'''

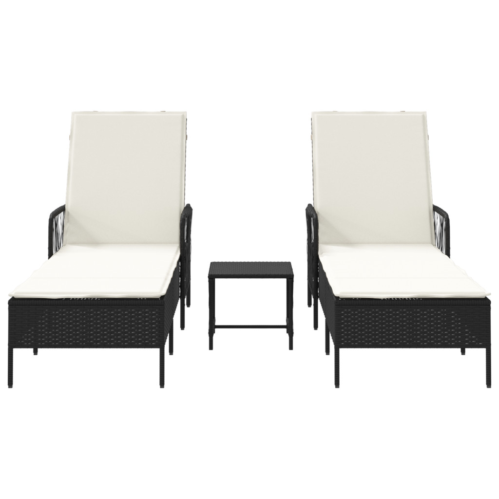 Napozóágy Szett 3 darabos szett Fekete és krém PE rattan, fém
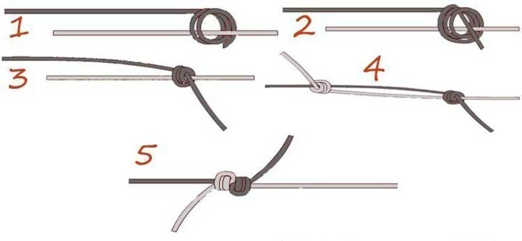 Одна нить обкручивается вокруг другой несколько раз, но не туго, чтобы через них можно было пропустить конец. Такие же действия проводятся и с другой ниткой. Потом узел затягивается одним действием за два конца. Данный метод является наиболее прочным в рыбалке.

'''
'''

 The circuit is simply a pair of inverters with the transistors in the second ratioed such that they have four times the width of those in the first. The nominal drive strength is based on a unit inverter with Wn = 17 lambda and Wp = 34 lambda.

'''

WHAT IS EXPECTED: Output only the lines above from the one containing "Napozóágy Szett 3" to the one containing "Одна нить обкручивается", both included, exactly as written and with no pictures.

RESPONSE TO THIS TASK:
 Napozóágy Szett 3 darabos szett Fekete és krém PE rattan, fém
 Одна нить обкручивается вокруг другой несколько раз, но не туго, чтобы через них можно было пропустить конец. Такие же действия проводятся и с другой ниткой. Потом узел затягивается одним действием за два конца. Данный метод является наиболее прочным в рыбалке.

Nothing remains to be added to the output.